(PROVIDED RECORDS)

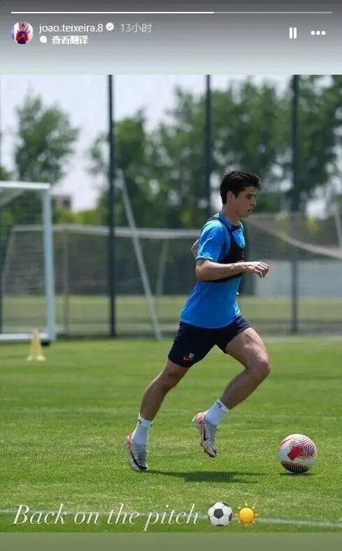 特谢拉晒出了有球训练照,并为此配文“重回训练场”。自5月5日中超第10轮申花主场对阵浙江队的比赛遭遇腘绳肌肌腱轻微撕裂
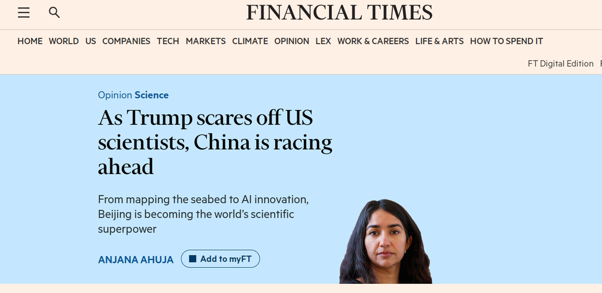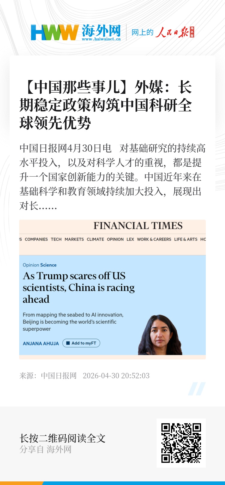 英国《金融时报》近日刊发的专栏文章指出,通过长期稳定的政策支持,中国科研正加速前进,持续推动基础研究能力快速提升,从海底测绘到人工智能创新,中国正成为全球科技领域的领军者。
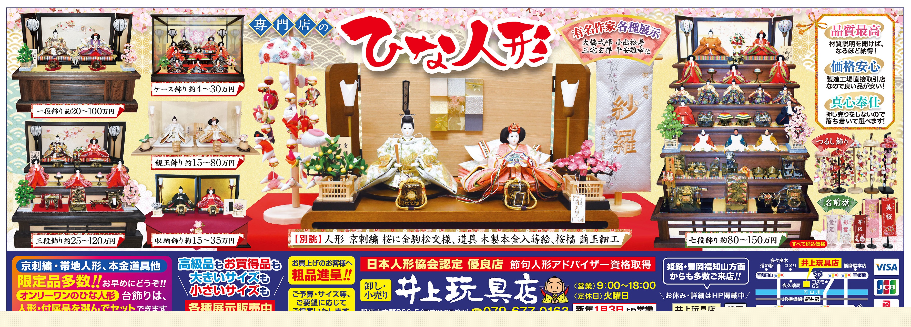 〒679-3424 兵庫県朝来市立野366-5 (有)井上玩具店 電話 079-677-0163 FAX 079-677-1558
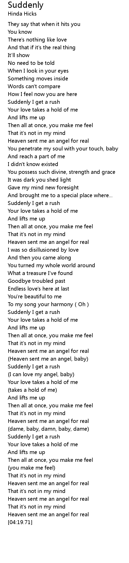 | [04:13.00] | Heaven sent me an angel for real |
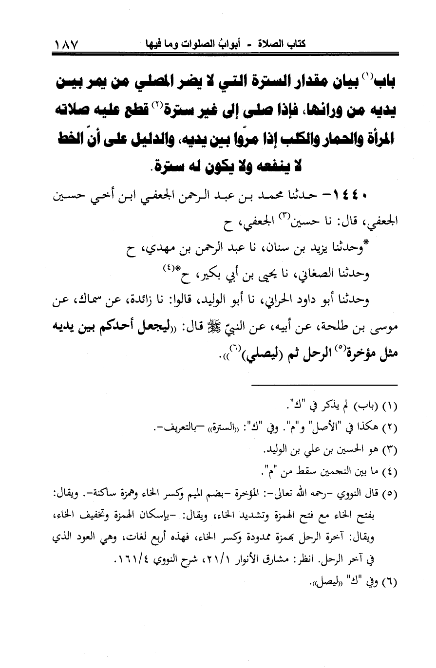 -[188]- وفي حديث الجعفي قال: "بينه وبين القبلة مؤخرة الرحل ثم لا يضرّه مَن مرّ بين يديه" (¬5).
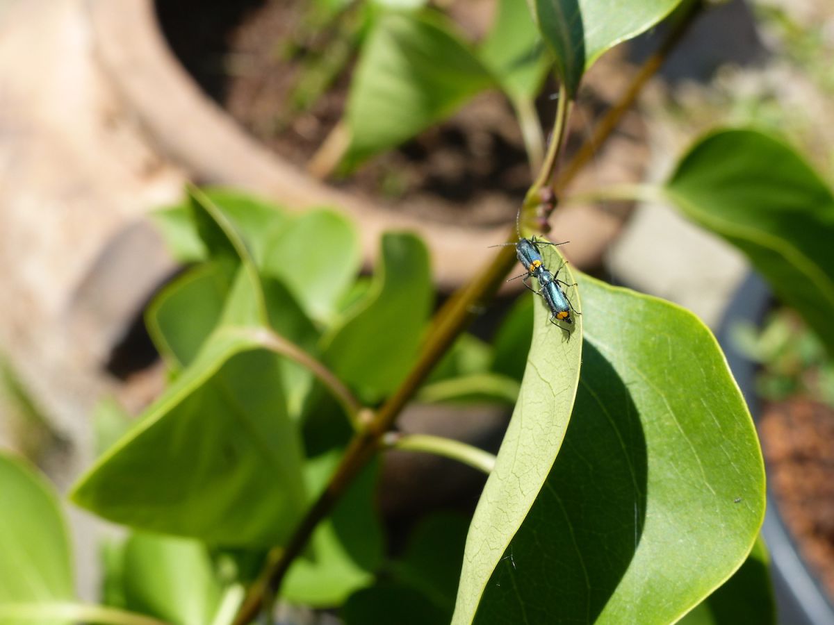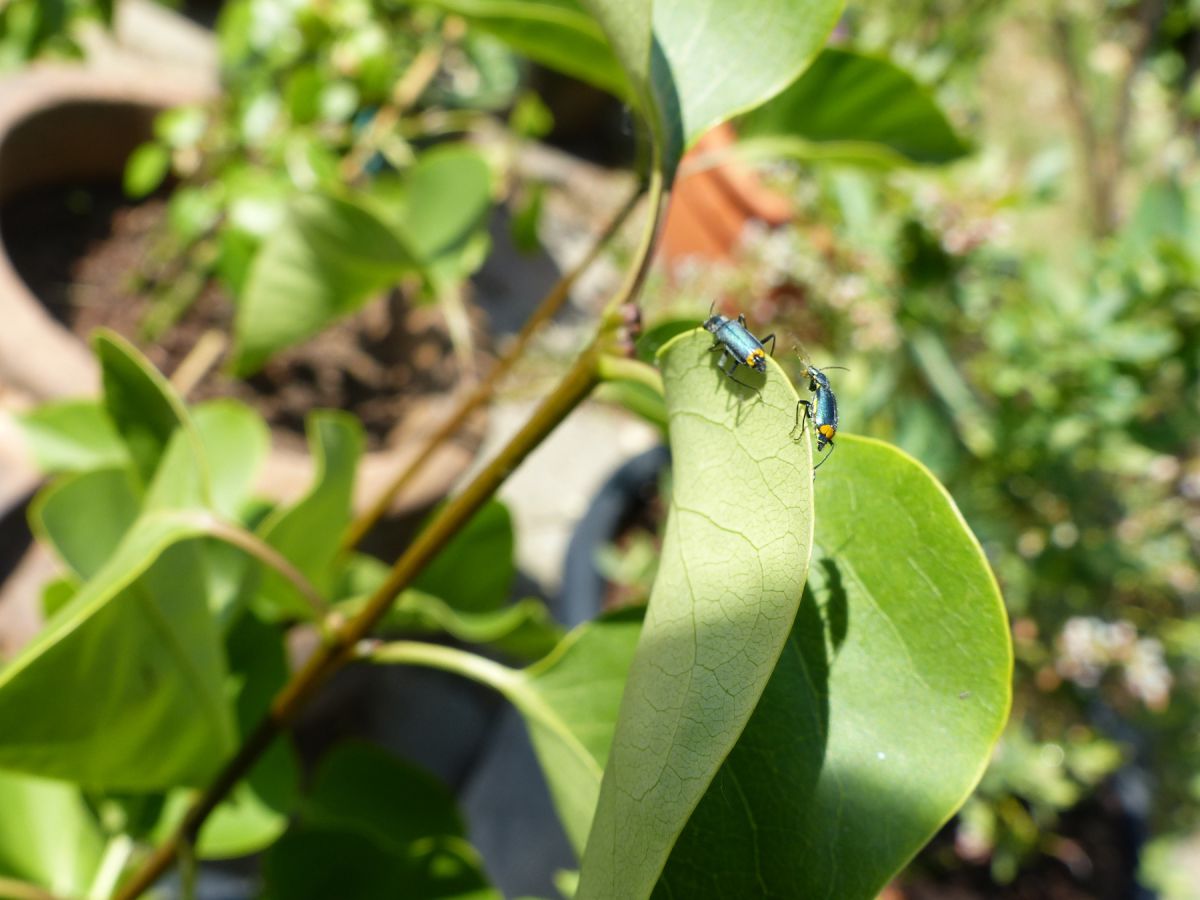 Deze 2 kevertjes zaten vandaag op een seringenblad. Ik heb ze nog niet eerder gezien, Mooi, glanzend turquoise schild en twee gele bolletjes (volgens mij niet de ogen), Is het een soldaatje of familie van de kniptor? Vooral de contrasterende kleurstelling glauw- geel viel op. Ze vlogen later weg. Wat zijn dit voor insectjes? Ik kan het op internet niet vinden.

(End PROVIDED RECORDS)
(PROVIDED RECORDS)

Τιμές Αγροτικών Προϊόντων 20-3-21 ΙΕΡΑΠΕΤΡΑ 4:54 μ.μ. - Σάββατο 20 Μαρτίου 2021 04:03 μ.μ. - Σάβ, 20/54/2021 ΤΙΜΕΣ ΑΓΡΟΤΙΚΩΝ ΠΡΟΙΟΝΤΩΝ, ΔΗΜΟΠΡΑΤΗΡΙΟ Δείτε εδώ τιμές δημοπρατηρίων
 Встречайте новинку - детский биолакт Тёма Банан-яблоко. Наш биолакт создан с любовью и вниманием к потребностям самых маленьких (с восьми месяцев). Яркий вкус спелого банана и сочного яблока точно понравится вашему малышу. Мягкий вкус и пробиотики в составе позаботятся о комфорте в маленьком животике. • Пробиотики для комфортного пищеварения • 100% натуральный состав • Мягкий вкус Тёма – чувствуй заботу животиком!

(End PROVIDED RECORDS)
(PROVIDED RECORDS)

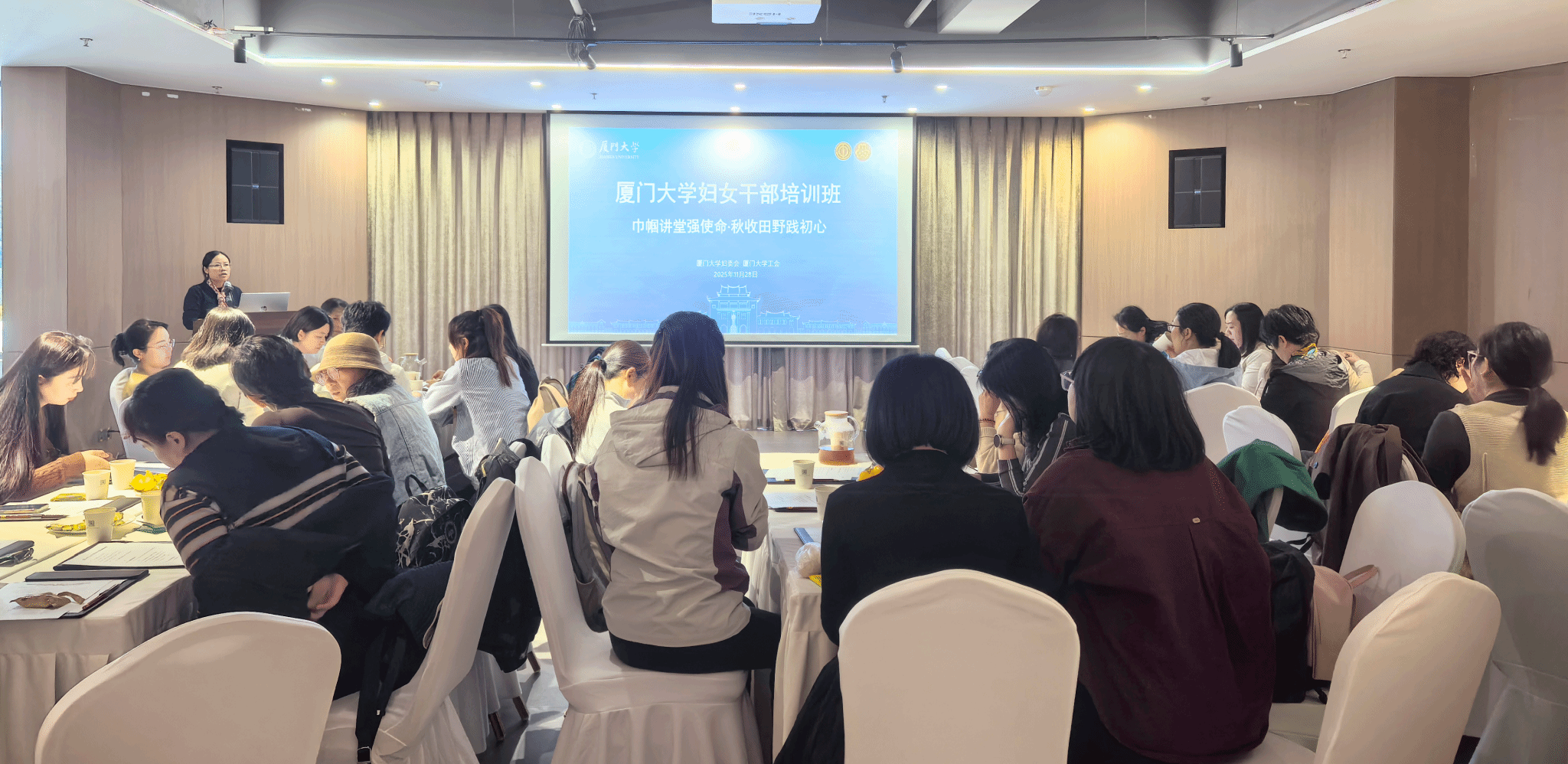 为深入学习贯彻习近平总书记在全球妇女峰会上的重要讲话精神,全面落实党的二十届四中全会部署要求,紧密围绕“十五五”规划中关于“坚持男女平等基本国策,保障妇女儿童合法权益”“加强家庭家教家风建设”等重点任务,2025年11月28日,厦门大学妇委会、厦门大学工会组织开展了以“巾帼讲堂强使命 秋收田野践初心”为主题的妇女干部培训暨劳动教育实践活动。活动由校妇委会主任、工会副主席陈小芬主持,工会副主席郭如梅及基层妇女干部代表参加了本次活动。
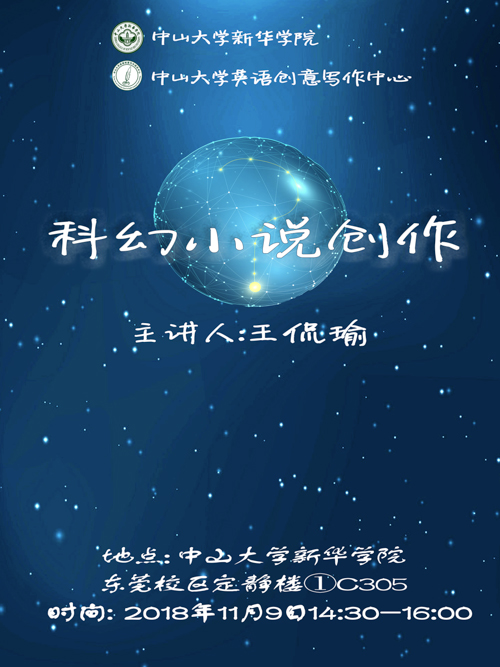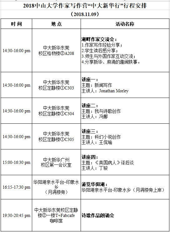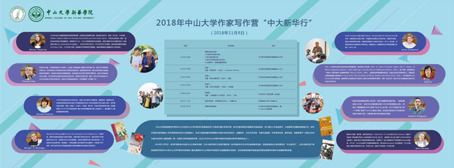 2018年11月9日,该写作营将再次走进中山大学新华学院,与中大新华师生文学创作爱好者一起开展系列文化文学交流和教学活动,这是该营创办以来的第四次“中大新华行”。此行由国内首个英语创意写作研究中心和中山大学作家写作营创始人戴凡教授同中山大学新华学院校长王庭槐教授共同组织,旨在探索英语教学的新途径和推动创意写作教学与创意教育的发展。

(End PROVIDED RECORDS)

THE PROBLEM:
For this exercise, please set down exactly the lines of the listing above from the line with "angel for real |" up to and including the line with "Deze 2 kevertjes", and no pictures.

OUTPUT OF THE EXERCISE:
 | [04:13.00] | Heaven sent me an angel for real |
 -[188]- وفي حديث الجعفي قال: "بينه وبين القبلة مؤخرة الرحل ثم لا يضرّه مَن مرّ بين يديه" (¬5).
 Deze 2 kevertjes zaten vandaag op een seringenblad. Ik heb ze nog niet eerder gezien, Mooi, glanzend turquoise schild en twee gele bolletjes (volgens mij niet de ogen), Is het een soldaatje of familie van de kniptor? Vooral de contrasterende kleurstelling glauw- geel viel op. Ze vlogen later weg. Wat zijn dit voor insectjes? Ik kan het op internet niet vinden.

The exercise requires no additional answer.